What the task asks:
In the listing below, print exactly the lines between the line holding "vom 16. März" and the line holding "El gobernador Juan", inclusive, and no more.

Excerpted records:
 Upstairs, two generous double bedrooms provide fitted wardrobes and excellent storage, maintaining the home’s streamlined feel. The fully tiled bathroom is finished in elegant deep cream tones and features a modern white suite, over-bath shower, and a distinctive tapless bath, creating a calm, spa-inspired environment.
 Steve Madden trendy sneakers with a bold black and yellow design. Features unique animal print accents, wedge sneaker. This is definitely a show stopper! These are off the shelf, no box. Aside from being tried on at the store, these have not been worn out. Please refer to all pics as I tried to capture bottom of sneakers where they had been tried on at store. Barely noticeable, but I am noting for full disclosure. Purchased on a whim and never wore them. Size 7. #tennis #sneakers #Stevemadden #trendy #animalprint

...

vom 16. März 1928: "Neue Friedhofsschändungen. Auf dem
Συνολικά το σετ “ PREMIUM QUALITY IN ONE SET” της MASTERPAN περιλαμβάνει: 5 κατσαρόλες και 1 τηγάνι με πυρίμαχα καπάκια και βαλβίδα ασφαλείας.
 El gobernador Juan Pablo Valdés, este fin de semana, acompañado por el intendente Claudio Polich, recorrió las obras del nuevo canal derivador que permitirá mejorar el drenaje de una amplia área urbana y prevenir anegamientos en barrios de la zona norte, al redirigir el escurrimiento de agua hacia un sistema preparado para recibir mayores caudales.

Result of this task:
vom 16. März 1928: "Neue Friedhofsschändungen. Auf dem
Συνολικά το σετ “ PREMIUM QUALITY IN ONE SET” της MASTERPAN περιλαμβάνει: 5 κατσαρόλες και 1 τηγάνι με πυρίμαχα καπάκια και βαλβίδα ασφαλείας.
 El gobernador Juan Pablo Valdés, este fin de semana, acompañado por el intendente Claudio Polich, recorrió las obras del nuevo canal derivador que permitirá mejorar el drenaje de una amplia área urbana y prevenir anegamientos en barrios de la zona norte, al redirigir el escurrimiento de agua hacia un sistema preparado para recibir mayores caudales.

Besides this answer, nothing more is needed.